O que deve sentir ou pensar a presidente ao ver o enterro de indigente de seus planos econômicos?
"UM NEGÓCIO QUE era muito grosseiro;" "brincadeira que nos custa R$ 25 bilhões por ano". Foi com esse discurso de réquiem que o ministro da Fazenda, Joaquim Levy, enterrou o defunto que fora um dos planos mais estimados da primeira encarnação da presidente Dilma Rousseff: a redução de impostos que empresas pagam ao INSS.
O que a presidente sente ou pensa quando assiste à morte ingló- ria e ao enterro infame do seu programa econômico? O que diz a seus botões, durante a noite escura da alma, na solidão esplêndida do Alvorada?
Ela acredita nas fantasias mal escritas de seus discursos, que atribui a ruína que provocou a conjurações dos azares da economia do mundo?
Acredita, tal como algumas seitas de seus adeptos restantes, que foi vítima de conjurações de elites, "mídia" ou outro demônio? Vítima dessas elites a quem o governo paga e pagará juros aberrantes pela dívida que fez a fim de financiar uma fantasia caricata e transitória de progresso social, em vez de ao menos tentar cobrar-lhes mais impostos?
As elites, que tanto amaram o dinheiro de seu governo enquanto durou, que recebiam grana grossa para financiar a criação de oligopólios, ainda engolem meio trilhão de reais a juro quase zero, o "nacional-empresismo", outro programa que morre pelas mãos de tesoura de Levy.
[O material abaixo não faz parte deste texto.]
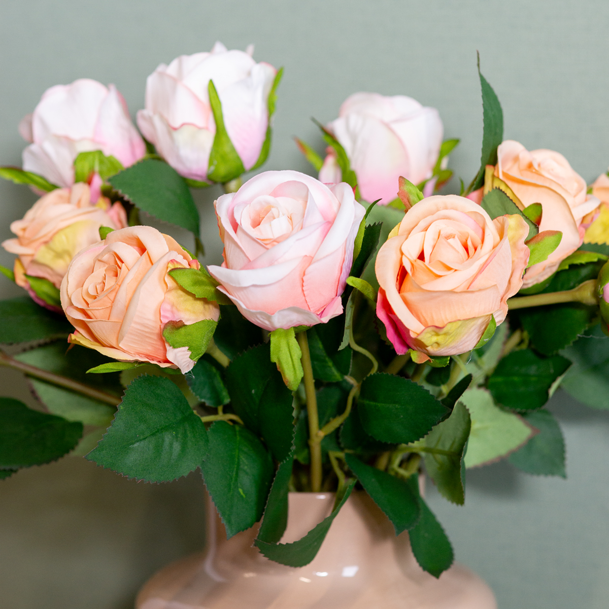 Sie lieben den Charme von Rosen, möchten aber auf die Pflege verzichten? Kein Problem! Mit unserem künstlichen Rosenstrauß holen Sie sich die zeitlose Schönheit der Königin der Blumen direkt in Ihr Zuhause. Perfekt für alle, die Wert auf elegante Dekoration legen, ohne auf Frische angewiesen zu sein. Ob als Blickfang im Wohnzimmer, als bezaubernde Tischdekoration bei besonderen Feiern oder als stilvolles Geschenk – dieser Rosenstrauß verleiht jedem Raum eine besondere Atmosphäre. Die zarten rosa Seidenblüten in Kombination mit grünen Blättern wirken so täuschend echt, dass Sie fast vergessen könnten, dass es sich um Kunstblumen handelt. Ihre Gäste werden staunen!
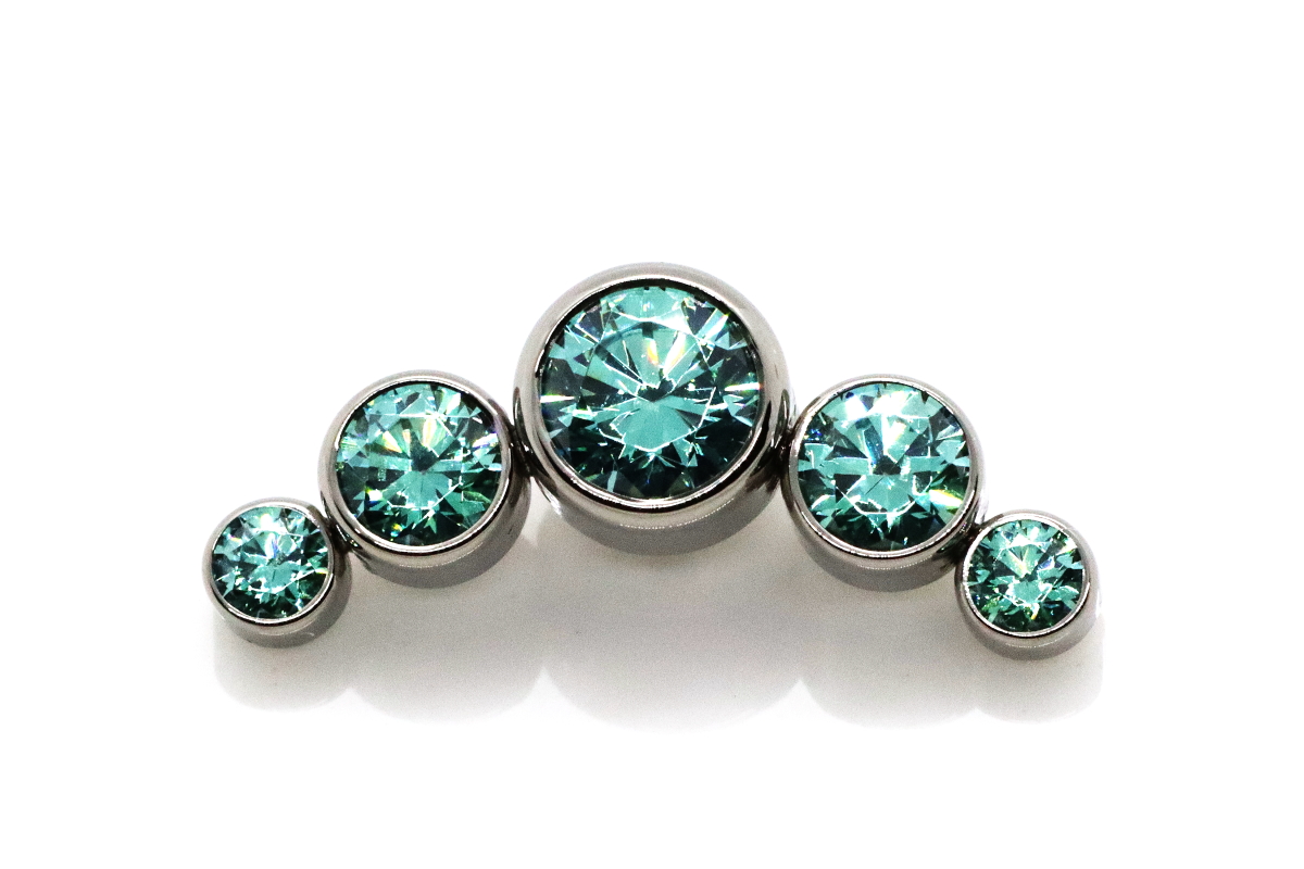 Dit sieraad is van ASTM F-136 implant grade titanium en zoals alle sieraden van Industrial Strength met veel aandacht en precisie gemaakt, met de hand gepolijst en van topkwaliteit die levenslang gegarandeerd wordt. Met de 5 bezel-set zirconia’s van 2.5mm/3mm/4mm/3mm/2.5mm vormt deze cluster een mooi sieraad voor een conch of een helixpiercing.

Parece agora claro que Dilma não compreendia as consequências das encrencas enormes que criava, tal como endividar demais e levar à pindaíba o Tesouro Nacional e a Petrobras, para ficar nas mais rudimentares e estarrecedoras. Parecia mesmo convicta da eficácia de aplicar ao país uma versão decrépita, colegial e amadora do que imagina ter sido o desenvolvimentismo original, em si mesmo um "equívoco bem-sucedido", responsável por vários dos nossos horrores, como desigualdade, cidades monstruosas, ignorância de massa e elitismo disfarçado de "nacional e popular".
A presidente teria agora dúvidas? Ou balança a cabeça e tenta afastar a lembrança da lambança, tal como fazemos quando mentimos para nós mesmos a respeito dos nossos pecados? A julgar por biografias, histórias e exemplos vivos de poderosos vistos mais de perto, é provável que as perguntas sejam tão ingênuas quanto as ideias de Dilma.
Um político que chegou ao ápice do poder é quase tão oco quanto o tronco comido por cupins das árvores que desabam nas ventanias de São Paulo. Nesse quase vácuo há menos resistência para torcer seja lá o que tenha restado de ideias ou convicção. Até líderes maiores e melhores foram assim. Roosevelt tomou posse com um programa, começou a governar com outro e ainda mudou de ideia, com o que fez fama e história.
A alma de Dilma decerto não explica este quadriênio de perversões brasileiras, embora a presidente tenha se valido das oportunidades do governo imperial do país como poucos, encarnando a caricatura da Rainha de Copas. Mas o que explica ao menos o movimento dos seus humores? Dilma ora parece se debater furiosa dentro de uma bolha isolada mesmo das versões da realidade menos antipáticas a sua figura e a seu governo. Seria a fúria de alguém inquieta e ansiosa para voltar a sua vida passada, Dilma 1? Ou de uma alma penada sem rumo?